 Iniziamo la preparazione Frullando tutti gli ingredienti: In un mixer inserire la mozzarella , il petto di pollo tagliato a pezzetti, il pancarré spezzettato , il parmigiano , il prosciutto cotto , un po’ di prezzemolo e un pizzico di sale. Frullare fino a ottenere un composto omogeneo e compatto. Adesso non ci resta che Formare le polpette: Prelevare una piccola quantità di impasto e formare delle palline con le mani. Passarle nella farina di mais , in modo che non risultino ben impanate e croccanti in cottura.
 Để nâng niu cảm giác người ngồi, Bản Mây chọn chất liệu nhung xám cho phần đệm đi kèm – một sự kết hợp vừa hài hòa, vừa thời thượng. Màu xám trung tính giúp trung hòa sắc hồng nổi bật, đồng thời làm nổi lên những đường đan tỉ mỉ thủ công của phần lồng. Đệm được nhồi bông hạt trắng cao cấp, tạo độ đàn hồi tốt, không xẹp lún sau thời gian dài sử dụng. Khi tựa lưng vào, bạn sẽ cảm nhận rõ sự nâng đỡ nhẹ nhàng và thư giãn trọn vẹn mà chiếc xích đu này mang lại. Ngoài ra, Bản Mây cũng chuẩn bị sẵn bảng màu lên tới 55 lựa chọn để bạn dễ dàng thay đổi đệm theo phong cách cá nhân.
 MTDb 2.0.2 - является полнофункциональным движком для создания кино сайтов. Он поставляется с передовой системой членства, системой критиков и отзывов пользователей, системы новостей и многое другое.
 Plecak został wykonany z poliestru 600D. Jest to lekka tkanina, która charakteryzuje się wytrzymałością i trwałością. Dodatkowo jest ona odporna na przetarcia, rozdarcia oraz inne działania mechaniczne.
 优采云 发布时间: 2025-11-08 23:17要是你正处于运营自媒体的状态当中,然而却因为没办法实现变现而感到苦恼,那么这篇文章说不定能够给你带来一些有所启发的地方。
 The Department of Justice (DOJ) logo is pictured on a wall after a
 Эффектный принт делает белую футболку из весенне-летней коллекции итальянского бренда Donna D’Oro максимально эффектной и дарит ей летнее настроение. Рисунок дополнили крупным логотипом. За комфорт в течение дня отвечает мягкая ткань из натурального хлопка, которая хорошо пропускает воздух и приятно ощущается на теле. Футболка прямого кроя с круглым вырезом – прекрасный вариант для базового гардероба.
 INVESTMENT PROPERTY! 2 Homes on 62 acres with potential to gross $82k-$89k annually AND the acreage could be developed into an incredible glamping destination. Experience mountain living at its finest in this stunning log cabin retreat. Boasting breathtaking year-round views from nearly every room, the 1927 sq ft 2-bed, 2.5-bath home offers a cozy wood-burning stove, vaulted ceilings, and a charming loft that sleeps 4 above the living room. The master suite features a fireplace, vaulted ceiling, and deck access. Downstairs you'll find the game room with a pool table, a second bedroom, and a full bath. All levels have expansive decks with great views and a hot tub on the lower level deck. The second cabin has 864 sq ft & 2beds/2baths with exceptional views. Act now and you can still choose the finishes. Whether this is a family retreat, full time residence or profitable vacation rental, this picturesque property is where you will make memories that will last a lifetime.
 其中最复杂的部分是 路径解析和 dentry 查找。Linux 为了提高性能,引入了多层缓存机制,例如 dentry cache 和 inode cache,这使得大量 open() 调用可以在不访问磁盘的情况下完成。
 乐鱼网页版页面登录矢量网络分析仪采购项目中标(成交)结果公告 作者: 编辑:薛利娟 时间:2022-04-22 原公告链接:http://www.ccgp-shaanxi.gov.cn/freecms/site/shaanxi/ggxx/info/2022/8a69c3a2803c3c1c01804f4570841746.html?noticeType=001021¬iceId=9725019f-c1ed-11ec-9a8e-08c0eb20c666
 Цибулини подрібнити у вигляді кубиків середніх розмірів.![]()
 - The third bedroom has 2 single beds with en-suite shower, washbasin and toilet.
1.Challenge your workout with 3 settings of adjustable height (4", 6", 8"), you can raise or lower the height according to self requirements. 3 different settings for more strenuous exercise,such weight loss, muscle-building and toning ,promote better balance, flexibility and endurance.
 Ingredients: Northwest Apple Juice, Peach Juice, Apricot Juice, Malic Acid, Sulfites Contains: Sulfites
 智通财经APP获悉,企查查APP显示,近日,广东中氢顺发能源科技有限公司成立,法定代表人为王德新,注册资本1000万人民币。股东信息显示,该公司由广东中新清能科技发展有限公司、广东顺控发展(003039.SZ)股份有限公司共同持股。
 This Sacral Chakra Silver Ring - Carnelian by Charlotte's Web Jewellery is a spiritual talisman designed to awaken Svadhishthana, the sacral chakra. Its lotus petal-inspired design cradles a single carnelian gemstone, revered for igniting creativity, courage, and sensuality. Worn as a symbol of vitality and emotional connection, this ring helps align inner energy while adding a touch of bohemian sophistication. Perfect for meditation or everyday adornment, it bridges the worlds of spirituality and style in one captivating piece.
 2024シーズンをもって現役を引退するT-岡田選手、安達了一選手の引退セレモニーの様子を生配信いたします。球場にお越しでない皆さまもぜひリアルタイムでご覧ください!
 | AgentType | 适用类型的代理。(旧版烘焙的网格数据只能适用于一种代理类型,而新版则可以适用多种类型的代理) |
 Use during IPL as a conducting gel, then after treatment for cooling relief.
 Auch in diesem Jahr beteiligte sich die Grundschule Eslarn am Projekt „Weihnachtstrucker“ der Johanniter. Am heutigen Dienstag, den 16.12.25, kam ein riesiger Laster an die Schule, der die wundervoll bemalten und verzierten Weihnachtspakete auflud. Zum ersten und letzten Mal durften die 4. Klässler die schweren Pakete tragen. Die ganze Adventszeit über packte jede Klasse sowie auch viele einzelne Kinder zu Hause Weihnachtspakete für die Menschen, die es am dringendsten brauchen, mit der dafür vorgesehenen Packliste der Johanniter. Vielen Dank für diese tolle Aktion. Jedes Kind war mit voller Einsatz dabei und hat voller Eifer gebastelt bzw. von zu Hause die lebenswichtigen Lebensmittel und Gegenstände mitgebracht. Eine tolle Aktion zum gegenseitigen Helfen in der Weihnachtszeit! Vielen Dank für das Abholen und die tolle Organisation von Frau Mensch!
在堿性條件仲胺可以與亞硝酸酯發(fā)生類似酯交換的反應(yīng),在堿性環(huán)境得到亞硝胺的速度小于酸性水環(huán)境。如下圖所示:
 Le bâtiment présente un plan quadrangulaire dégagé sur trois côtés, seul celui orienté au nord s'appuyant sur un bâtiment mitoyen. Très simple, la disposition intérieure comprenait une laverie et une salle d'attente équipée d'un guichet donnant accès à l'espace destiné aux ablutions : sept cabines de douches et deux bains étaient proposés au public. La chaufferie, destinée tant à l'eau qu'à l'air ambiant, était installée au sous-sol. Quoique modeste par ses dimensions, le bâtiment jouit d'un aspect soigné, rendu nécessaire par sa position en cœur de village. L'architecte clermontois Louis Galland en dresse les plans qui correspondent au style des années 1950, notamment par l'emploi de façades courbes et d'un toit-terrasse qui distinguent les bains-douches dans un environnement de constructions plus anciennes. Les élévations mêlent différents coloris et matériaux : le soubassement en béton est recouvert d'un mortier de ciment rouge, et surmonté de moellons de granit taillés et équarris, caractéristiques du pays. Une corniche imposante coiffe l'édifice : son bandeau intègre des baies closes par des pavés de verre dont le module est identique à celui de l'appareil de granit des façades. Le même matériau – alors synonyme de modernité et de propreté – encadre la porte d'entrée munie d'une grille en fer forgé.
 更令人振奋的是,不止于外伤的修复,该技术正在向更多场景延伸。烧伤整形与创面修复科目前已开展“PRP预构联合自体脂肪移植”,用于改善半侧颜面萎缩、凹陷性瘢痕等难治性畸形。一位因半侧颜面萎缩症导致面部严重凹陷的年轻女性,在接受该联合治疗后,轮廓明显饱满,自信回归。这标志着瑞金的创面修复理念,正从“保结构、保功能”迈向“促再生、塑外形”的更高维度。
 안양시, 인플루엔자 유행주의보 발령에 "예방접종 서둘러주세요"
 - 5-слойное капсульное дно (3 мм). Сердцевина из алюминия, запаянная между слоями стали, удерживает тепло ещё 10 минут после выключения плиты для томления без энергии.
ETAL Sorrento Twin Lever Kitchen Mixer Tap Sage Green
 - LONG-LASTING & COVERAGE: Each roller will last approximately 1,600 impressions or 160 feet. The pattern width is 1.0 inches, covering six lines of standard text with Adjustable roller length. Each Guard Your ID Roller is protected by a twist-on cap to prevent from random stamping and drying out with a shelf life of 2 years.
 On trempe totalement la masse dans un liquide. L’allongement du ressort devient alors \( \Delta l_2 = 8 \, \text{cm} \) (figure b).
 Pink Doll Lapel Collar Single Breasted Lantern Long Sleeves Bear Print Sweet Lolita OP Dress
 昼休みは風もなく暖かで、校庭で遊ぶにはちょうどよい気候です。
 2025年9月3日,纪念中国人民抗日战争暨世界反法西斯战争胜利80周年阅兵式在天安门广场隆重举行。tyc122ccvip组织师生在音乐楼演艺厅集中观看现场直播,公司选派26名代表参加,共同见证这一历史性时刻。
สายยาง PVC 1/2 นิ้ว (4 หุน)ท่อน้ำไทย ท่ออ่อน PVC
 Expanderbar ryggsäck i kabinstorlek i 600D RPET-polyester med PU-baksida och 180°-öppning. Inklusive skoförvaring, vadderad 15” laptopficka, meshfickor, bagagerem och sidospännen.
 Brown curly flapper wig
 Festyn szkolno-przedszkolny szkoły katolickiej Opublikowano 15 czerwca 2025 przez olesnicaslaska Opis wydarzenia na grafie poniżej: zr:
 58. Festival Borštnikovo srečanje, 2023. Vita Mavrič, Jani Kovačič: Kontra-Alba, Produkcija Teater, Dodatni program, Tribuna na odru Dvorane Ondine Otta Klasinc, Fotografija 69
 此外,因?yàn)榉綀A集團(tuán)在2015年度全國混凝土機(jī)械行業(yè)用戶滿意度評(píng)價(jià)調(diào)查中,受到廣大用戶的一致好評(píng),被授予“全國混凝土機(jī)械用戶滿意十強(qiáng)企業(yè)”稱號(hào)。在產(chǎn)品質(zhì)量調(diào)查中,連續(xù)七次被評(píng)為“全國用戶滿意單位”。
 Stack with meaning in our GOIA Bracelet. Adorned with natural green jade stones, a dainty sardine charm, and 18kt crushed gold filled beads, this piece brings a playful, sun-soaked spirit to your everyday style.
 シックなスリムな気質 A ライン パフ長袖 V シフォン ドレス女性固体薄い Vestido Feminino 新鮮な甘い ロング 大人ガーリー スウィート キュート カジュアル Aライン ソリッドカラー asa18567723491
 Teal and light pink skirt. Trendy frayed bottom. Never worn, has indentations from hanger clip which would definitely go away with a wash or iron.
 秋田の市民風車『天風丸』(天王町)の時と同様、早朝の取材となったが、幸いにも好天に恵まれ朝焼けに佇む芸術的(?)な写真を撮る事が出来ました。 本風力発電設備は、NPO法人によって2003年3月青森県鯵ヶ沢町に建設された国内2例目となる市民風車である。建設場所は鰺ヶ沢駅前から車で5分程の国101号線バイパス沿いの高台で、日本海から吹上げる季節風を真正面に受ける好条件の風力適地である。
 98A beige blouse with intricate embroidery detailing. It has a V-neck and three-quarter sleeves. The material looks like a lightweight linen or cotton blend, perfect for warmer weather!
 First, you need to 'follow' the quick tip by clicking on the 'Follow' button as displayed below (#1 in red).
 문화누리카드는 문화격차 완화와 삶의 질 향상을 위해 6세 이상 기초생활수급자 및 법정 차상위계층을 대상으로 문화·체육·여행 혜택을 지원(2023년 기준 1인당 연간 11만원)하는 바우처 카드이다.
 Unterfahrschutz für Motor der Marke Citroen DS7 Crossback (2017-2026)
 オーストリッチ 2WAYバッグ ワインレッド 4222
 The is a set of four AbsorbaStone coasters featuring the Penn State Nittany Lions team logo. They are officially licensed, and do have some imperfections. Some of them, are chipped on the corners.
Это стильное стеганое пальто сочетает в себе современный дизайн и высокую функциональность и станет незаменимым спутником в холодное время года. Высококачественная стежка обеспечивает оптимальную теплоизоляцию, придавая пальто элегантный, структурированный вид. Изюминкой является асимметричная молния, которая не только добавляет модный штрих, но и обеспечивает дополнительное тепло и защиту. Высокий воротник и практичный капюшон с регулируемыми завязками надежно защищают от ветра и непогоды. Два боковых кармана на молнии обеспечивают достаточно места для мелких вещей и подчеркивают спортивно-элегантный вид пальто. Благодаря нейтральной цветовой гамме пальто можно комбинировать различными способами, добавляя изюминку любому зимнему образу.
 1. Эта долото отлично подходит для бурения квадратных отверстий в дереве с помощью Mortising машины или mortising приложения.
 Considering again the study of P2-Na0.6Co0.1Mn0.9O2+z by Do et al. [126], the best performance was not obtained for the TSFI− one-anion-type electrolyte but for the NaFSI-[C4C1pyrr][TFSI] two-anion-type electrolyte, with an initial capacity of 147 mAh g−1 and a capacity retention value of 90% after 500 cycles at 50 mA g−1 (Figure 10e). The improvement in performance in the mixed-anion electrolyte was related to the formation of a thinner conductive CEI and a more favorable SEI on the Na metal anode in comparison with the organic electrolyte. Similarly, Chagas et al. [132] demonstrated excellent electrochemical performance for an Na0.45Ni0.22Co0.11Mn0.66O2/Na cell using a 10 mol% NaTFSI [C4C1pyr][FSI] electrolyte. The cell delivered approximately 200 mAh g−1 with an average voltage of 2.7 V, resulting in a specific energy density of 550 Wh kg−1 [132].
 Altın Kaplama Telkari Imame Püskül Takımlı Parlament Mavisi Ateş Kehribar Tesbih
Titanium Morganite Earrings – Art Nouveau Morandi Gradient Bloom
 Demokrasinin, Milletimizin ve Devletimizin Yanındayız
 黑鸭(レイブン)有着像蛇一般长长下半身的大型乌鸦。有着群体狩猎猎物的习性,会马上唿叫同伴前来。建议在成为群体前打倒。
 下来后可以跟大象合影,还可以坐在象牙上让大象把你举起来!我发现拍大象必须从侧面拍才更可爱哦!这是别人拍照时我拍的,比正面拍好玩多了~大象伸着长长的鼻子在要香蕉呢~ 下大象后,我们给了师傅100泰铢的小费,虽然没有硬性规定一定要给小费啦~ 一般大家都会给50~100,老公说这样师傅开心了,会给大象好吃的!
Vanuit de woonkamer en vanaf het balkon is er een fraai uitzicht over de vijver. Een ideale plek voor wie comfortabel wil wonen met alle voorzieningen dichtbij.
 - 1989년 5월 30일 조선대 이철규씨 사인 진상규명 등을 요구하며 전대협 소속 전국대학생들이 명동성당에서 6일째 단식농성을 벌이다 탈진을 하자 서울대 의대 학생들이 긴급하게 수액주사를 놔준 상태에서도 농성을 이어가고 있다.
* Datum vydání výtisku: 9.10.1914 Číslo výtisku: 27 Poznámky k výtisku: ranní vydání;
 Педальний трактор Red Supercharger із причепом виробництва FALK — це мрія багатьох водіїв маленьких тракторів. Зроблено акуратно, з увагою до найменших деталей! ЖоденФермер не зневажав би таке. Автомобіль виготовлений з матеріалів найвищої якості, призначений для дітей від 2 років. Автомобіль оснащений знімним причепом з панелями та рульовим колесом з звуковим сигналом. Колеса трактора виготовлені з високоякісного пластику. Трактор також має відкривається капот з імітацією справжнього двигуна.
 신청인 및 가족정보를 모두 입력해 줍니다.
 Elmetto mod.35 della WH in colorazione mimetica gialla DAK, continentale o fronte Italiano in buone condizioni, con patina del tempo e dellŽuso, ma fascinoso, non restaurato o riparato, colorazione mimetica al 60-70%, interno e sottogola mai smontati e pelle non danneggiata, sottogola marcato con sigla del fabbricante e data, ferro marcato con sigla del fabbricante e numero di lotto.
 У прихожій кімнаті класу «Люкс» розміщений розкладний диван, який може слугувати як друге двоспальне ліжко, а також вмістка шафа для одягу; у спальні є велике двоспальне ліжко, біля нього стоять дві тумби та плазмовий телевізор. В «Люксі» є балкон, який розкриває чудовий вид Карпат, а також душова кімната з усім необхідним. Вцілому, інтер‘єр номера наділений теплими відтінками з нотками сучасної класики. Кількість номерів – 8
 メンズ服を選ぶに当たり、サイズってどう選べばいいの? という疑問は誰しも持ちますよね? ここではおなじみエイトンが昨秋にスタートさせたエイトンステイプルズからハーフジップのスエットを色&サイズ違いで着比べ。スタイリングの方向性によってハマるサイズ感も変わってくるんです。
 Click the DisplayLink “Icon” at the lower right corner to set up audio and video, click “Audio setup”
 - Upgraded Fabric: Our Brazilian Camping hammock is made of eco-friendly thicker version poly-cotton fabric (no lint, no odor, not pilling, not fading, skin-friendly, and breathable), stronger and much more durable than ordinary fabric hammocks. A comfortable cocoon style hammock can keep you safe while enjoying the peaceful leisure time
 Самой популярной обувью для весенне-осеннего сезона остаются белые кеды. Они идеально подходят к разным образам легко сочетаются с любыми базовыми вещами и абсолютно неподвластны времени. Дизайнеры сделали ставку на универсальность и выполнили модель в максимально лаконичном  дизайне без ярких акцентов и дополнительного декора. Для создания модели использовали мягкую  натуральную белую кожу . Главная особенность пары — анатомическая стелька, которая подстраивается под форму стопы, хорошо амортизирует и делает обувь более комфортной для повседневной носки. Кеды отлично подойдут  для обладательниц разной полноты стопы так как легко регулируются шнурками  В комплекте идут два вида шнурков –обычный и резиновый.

++++++++++++++++++++

Work request
Above are the entries; repeat their lines exactly, from the first through the one that contains "Để nâng niu".

Response area
 Iniziamo la preparazione Frullando tutti gli ingredienti: In un mixer inserire la mozzarella , il petto di pollo tagliato a pezzetti, il pancarré spezzettato , il parmigiano , il prosciutto cotto , un po’ di prezzemolo e un pizzico di sale. Frullare fino a ottenere un composto omogeneo e compatto. Adesso non ci resta che Formare le polpette: Prelevare una piccola quantità di impasto e formare delle palline con le mani. Passarle nella farina di mais , in modo che non risultino ben impanate e croccanti in cottura.
 Để nâng niu cảm giác người ngồi, Bản Mây chọn chất liệu nhung xám cho phần đệm đi kèm – một sự kết hợp vừa hài hòa, vừa thời thượng. Màu xám trung tính giúp trung hòa sắc hồng nổi bật, đồng thời làm nổi lên những đường đan tỉ mỉ thủ công của phần lồng. Đệm được nhồi bông hạt trắng cao cấp, tạo độ đàn hồi tốt, không xẹp lún sau thời gian dài sử dụng. Khi tựa lưng vào, bạn sẽ cảm nhận rõ sự nâng đỡ nhẹ nhàng và thư giãn trọn vẹn mà chiếc xích đu này mang lại. Ngoài ra, Bản Mây cũng chuẩn bị sẵn bảng màu lên tới 55 lựa chọn để bạn dễ dàng thay đổi đệm theo phong cách cá nhân.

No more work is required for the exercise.